Can My Employer Take My Dog for Filing a Claim? Many handlers are faced with threats of being removed from the canine unit, having their dog reassigned or having the unit discontinued altogether. These threats are often effective in deflecting FLSA claims. However, the FLSA specifically prohibits retaliation by the employer against those who seek to pursue their rights under the Act. 29 USC § 215(a)(3). Generally, any adverse employment action by the employer in response to an FLSA claim would be considered retaliatory. Case law defines adverse employment

action as any action which results in a significant change in employment status. For canine handlers, the removal of their canine or their reassignment to a position from which they will no longer earn the overtime associated with being a canine handler can be considered adverse employment actions.

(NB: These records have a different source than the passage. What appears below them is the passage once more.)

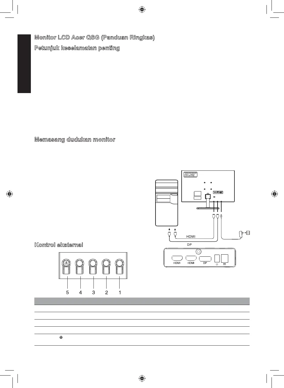 Monitor LCD Acer QSG (Panduan Ringkas)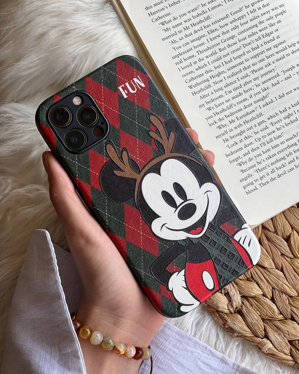 قاب موبایل آیفون میکی موس فان شاخدار چهارخونه سبز و زرشکی محافظ لنزدار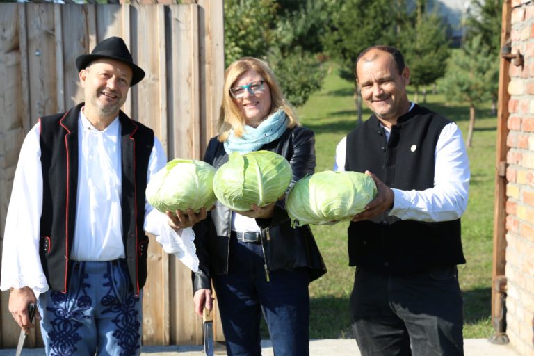 Prvé „Stupavské zelé“ nesúce Chránené označenie pôvodu (CHOP) vyrobili dnes v Stupave pri príležitosti každoročných Dní zelá. Na snímke: Ministerka pôdohospodárstva a rozvoja vidieka Gabriela Matečná (uprostred) a predseda Mástskeho potravinového spolku Jozef Fabian (vľavo) počas slávnostnej výroby kyslej kapusty. Bratislava, 30. september 2017. Foto: SITA/MPRV SR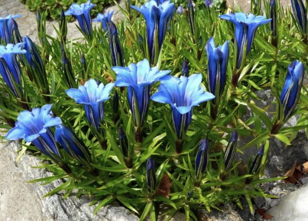 Introduction 2015. Belle vivace, étalée, prostrée, à feuilles persistantes étroites. En automne, fleurs solitaires en trompette, bleu intense. Très apprécie pour les colibris. Feuillage semblable à Phlox subulata.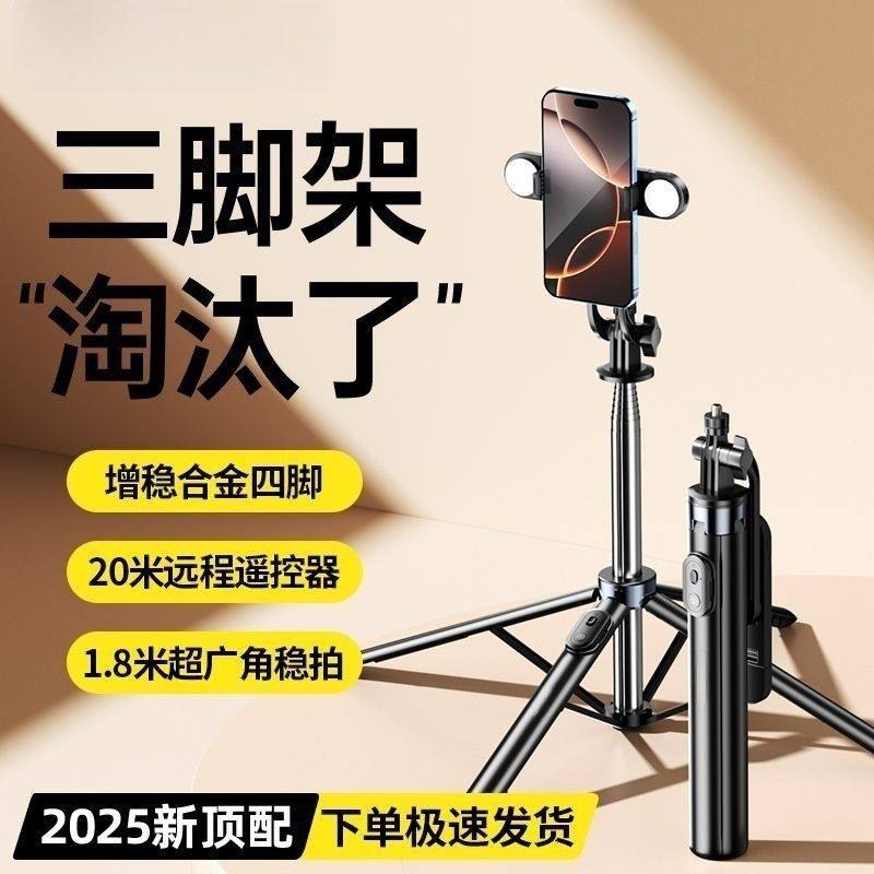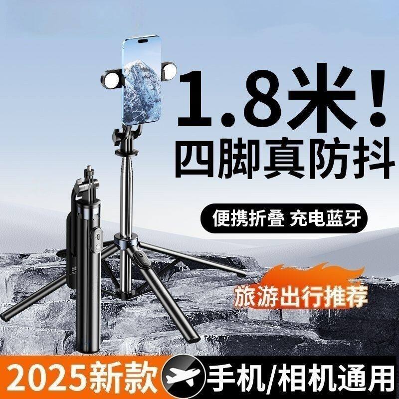 2025新款自拍杆旅游便携手机通用拍照神器四轴360度旋转手持补光灯直播视频防抖vlog专用拍摄架落地三脚支架

Conclusion As the Brock Court stressed in developing the fairness test, handlers and employers are supposed to be on a common mission. Handlers should not be dummying up hours to raise their income at the expense of their employer and employers should not be trying to take advantage of handlers by burdening them with off-duty tasks for which the employer has no intention of compensating the handler. The courts will enforce an agreement fairly negotiated between the parties which accurately reflects the realities of handler off-duty overtime. If the parties do not respect each other they will take their chances in court. So, be smart, work it out and avoid that risk.